A step-by-step guide to data collection

Data collection is a systematic process of gathering observations or measurements. Whether you are performing research for business, governmental or academic purposes, data collection allows you to gain first-hand knowledge and original insights into your research problem.

While methods and aims may differ between fields, the overall process of data collection remains largely the same. Before you begin collecting data, you need to consider:

  • The aim of the research
  • The type of data that you will collect
  • The methods and procedures you will use to collect, store, and process the data

To collect high-quality data that is relevant to your purposes, follow these four steps.

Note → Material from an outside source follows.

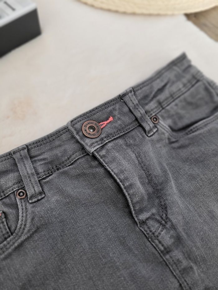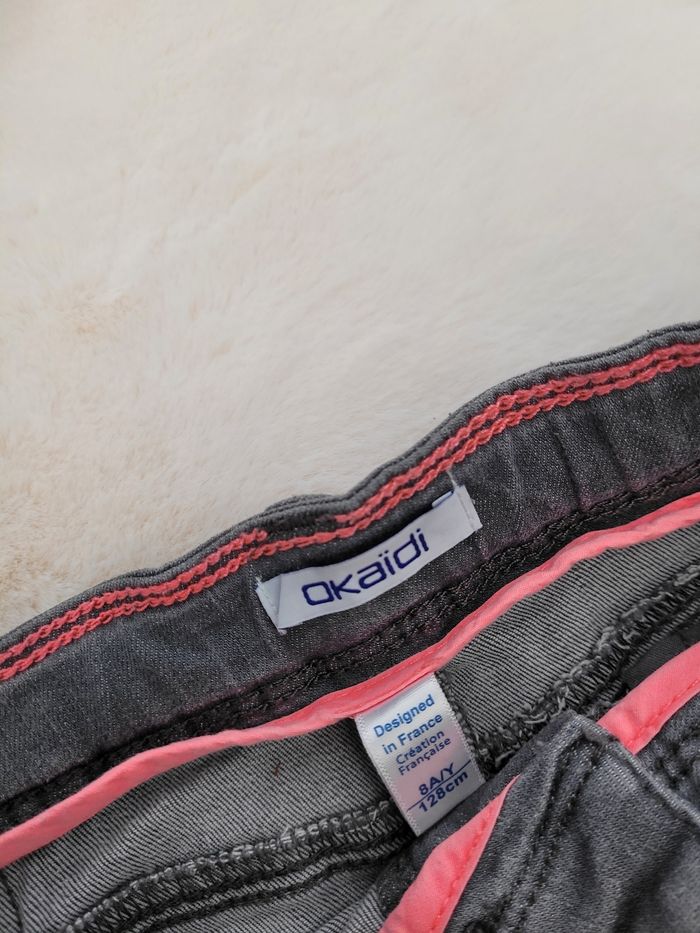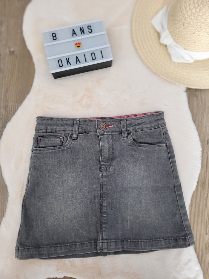jupe en jeans okaidi 8 ans, grise. fermeture pression et élastique d'ajustement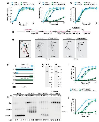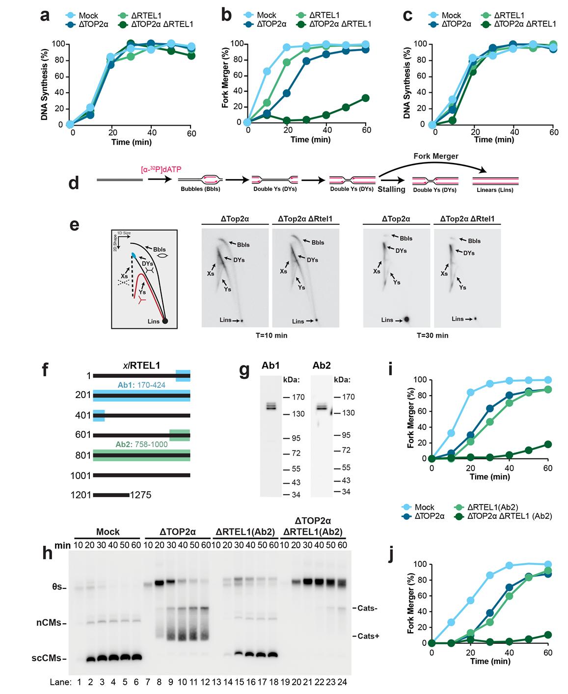 Supplemental Figure 2: Contribution of RTEL1 to fork merger, related to Figure 2. (A) Quantification of total DNA synthesis from Figure 2B. (B) A biological replicate of Figure 2C. (C) An biological replicate of (A). (D) To directly analyze the DNA structures formed during replication in TOP2α- and TOP2αRTEL1-depleted extracts, DNA replication was performed as in Figure 2B-C then DNA was purified and restriction digested to yield DNA structures that could be identified by 2-D gel electrophoresis. The typical DNAstructures are indicated. Note that initiation results in the formation of bubbles, which are then converted to double-Ys once one of the two replication forks moves beyond the restriction enzyme site within the plasmid template. (E) 2-D gel electrophoresis was performed to analyze DNA structures from (D). A representative experiment of two biological replicates is shown. The schematic indicates the expected 2-D gel electrophoresis migration patterns. Ys arise when one of the two replication forks are broken while the sources of Xs is unclear. Double-Ys, Bubbles, Ys, and Xs were all previously found to persist following inactivation of TOP2α [S5]. At 10 minutes the relative abundance of replication intermediates was essentially indistinguishable between TOP2α- and TOP2α-RTEL1-depleted extracts, indicating that RTEL1 did not detectably impact early stages of DNA replication. At 30 minutes large Double-Ys and Bubbles were readily detectable, as expected for termination defects, in addition to the Xs and Ys previously described [S5]. The linear products of replication (Lins) were reduced in TOP2α-RTEL1-depleted extracts, consistent with defective fork merger. Importantly the pattern of replication intermediates was essentially indistinguishable in TOP2α- and TOP2α-RTEL1-depleted extracts. These results demonstrate that the same DNA structures form in both TOP2α- and TOP2α-RTEL1-depleted extracts but in TOP2α-RTEL1-depleted extracts conversion of these structures to the linear products of fork merger is delayed. (F) Schematic of the amino acid sequence of Xenopus laevis RTEL1 (xlRTEL1). An antigen fragment corresponding to amino acids 170-424 was previously used to raise an antibody against xlRTEL1 (‘Ab1’) [S6], which was used in Figure 2B-C. An antigen fragment corresponding to amino acids 758-1000 was used to raise a separate antibody against xlRTEL1 in this study (‘Ab2’). (G) Western blotting of Xenopus egg extracts was performed to evaluate the specificity of the two xlRTEL1 antibodies from (F). Each antibody detected the three isoforms of xlRTEL1 (described in [S6]) but no other major bands, which demonstrated a high level of specificity. A representative experiment of two biological replicates is shown. (H) Figure 2B was repeated using Ab2 from (F)-(G). Samples were separated on a native agarose gel and visualized by autoradiography. (I) Quantification of fork merger from (H). As observed in Figure 2C, loss of either RTEL1 or TOP2α delays fork merger, while loss of both largely blocks fork merger. (J) A biological replicate of (I).

Step 1: Define the aim of your research

Before you start the process of data collection, you need to identify exactly what you want to achieve. You can start by writing a problem statement: what is the practical or scientific issue that you want to address and why does it matter?

Next, formulate one or more research questions that precisely define what you want to find out. Depending on your research questions, you might need to collect quantitative or qualitative data:

  • Quantitative data is expressed in numbers and graphs and is analyzed through statistical methods.
  • Qualitative data is expressed in words and analyzed through interpretations and categorizations.

If your aim is to test a hypothesis, measure something precisely, or gain large-scale statistical insights, collect quantitative data. If your aim is to explore ideas, understand experiences, or gain detailed insights into a specific context, collect qualitative data. If you have several aims, you can use a mixed methods approach that collects both types of data.

Examples of quantitative and qualitative research aims
You are researching employee perceptions of their direct managers in a large organization.

  • Your first aim is to assess whether there are significant differences in perceptions of managers across different departments and office locations.
  • Your second aim is to gather meaningful feedback from employees to explore new ideas for how managers can improve.

You decide to use a mixed-methods approach to collect both quantitative and qualitative data.

Step 2: Choose your data collection method

Based on the data you want to collect, decide which method is best suited for your research.

  • Experimental research is primarily a quantitative method.
  • Interviews/focus groups and ethnography are qualitative methods.
  • Surveys, observations, archival research and secondary data collection can be quantitative or qualitative methods.

Carefully consider what method you will use to gather data that helps you directly answer your research questions.

Data collection methods
MethodWhen to useHow to collect data
ExperimentTo test a causal relationship.Manipulate variables and measure their effects on others.
SurveyTo understand the general characteristics or opinions of a group of people.Distribute a list of questions to a sample online, in person or over-the-phone.
Interview/focus groupTo gain an in-depth understanding of perceptions or opinions on a topic.Verbally ask participants open-ended questions in individual interviews or focus group discussions.
ObservationTo understand something in its natural setting.Measure or survey a sample without trying to affect them.
EthnographyTo study the culture of a community or organization first-hand.Join and participate in a community and record your observations and reflections.
Archival researchTo understand current or historical events, conditions or practices.Access manuscripts, documents or records from libraries, depositories or the internet.
Secondary data collectionTo analyze data from populations that you can’t access first-hand.Find existing datasets that have already been collected, from sources such as government agencies or research organizations.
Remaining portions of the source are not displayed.